DR. BRADLEY BUSH: Absolutely. Well, you know, at the end of the day, our personal belief is there's no such thing as a bad drug. Now, there's bad applications for drugs or there's misuse of them, or there's the inability to see beyond just a protocol use of drugs and not look at the big picture. So, just put that aside. But, when you look at someone with major different health issues, a medication could be prescribed to help them out. And that's usually a short-term way to address a symptom. Most pharmaceutical medications that are on the market are approved for short-term use, one week, two weeks. And then they get on the market and then they're used for one year, two year, one decade, two decades.

And what is important to know is, one, there's very little research proving their safety and effectiveness long-term. And two, what's very important, at least in the natural health industry is, when you're on a medication, you're taking a synthetic substance. That has to be processed in your liver. And when it does that, these certain medications have sometimes powerful effects in your cytochrome p450 system in your liver. Some of them inhibit your ability to break down certain chemicals. Some of them accelerate it. And all of them challenge certain enzyme pathways. Making it so that even you're put on a medication that everyone's put on. Millions of people are on this med. Oh, very few side effects. But that med, no matter what side effects it may not be causing you, is always causing a challenge to your body's ability to rid itself of toxins and to help keep your normal metabolites and health optimal. 

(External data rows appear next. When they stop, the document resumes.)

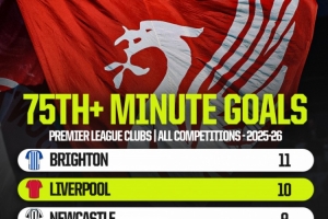 體育資訊10月31日訊 數據機構OPTA統計了英超球隊本賽季各項賽事在75分鐘后的進球情況,布萊頓力壓利物浦居首。
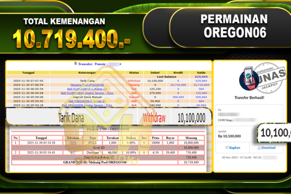 Bukti JP TOGEL OREGON06 – ucapkan selamat kepada user id alixxxx atas kemenangan di TOGEL OREGON06 dengan total kemenangan Rp.10,719.400,- Yang pasti nya langsung LUNAS sesuai bukti ya bosku. Dorahoki nih bosku berapapun akan tetap kami bayar lunas ya bosku.
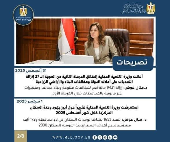 أعلنت الدكتورة منال عوض وزيرة التنمية المحلية، عن بدء تنفيذ المرحلة الثانية من الموجة السابعة والعشرين من حملات الإزالة، والتي تستهدف إزالة التعديات على أراضي أملاك الدولة، والبناء المخالف، والتعديات على الأراضي الزراعية والمقرر تنفيذها خلال الفترة من ٣٠-٨-٢٠٢٥ وحتى ٢٦-٩-٢٠٢٥ .
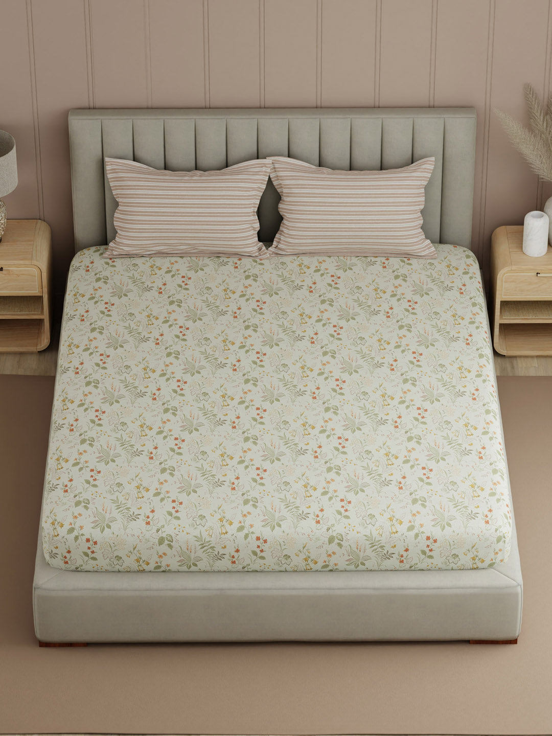 100% Cotton 200 TC, Printed Double Bedsheet Set, Valatia

And of course, when you're living in a culture where the protocols for different conditions have medication on top of medication on top of medication, then you have medications to handle the side effects of the medications. And it's not uncommon now to have someone who's in their 60s on seven to nine medications. All of those, taxing the liver and the body's ability to be healthy, causing a rapid aging of that person on a biochemical and biological level. 


Bradley Bush discusses how his company is taking a different look at depression and similar conditions. He talks about how the immune system and inflammation are connected and how that may change the way the condition is treated.